I smiled. Is this guy an angel? He seems really kind.
"May I ask why you called?" I asked Lu Han.
"Hmm. Nah.. I just wanted to sort-of-meet my buddy's wifey..." Lu Han responded.
"Is Se Hun doing alright there?" I can't help but ask.
"So you care about Se Hun..." Lu Han mentioned.
"Lu Han... I trust you. Please please don't tell Se Hun. " I begged.
"Why can't I tell him that you care about him?" He asked.
"Erm... that's because he doesn't like me anyway." I answered.
Lu Han laughed.
"Don't worry. I won't tell him." He said.
..... And that was the end of our conversation. I believe that Lu Han's an angel. I've never met him, but there's something so angelic and kind in his voice that I trust.
As the days passed without Se Hun, my heart became more and more crushed.
I fear that Se Hun doesn't like me back.
But Se Hun, please tell me that the feeling is mutual.
Or life would be pointless.
I don't know why people call it a heartbreak, because to me, it seems that every part of my body is broken too.
I don't mind waiting, but what if I'm waiting for someone who will never come back?
Just like trying to find someone who never wants to be found.
>>>MEGA FAST FORWARD<<<
I just arrived in China.
Se Hun, I shall finally see you.
But first, I have to see my parents....
the parents who abandoned me.....
I think I just agreed to go to China because of Se Hun.

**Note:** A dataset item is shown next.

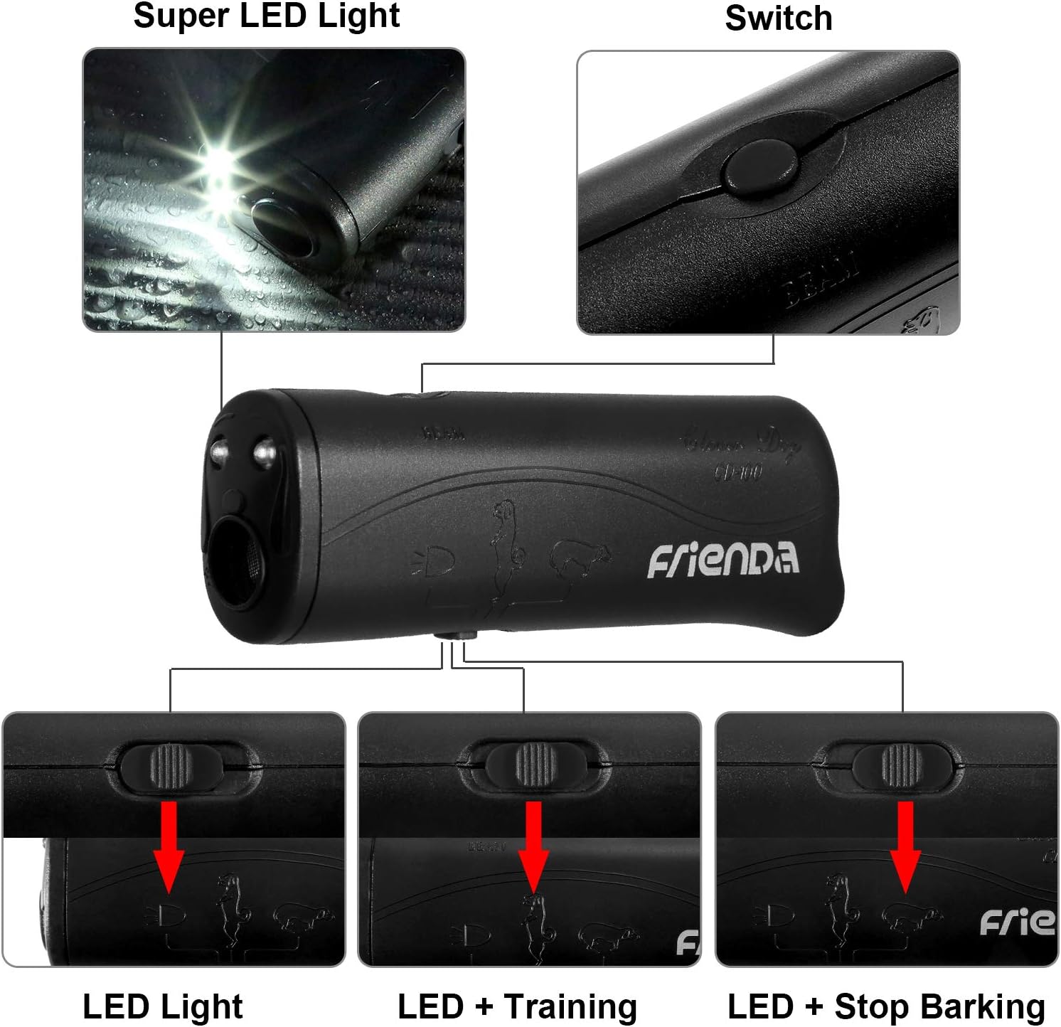 Produktinformationen "LED Ultraschall Hunde Repeller und Trainer Gerät 3 in 1 Anti Bellen Stop Rinde Handheld Hunde Trainingsgerät (Schwarz)"

I know that using my parents as an excuse is wrong.
But I want to take a risk, just today.
[A/N: Thank you to Carla (minnie_15) for the dog suggestion!
if you noticed, I shifted the POV from Se Hun to Joo Young.. Don't you worry about the JOO HUN couple. Next chapter will be...hu-hum. Se Hun's in Korea while Joo Young's in China. HAHAHAHA. I feel evil.
Dear fellas, I love love love reading your comments (especially the ones in ALL CAPS)
Sooo funnyy. Teehee. But today, I'm sick. -_-....
By the way, can you guys help me? I want to download the MV, but I don't know how... :( AIGOO.]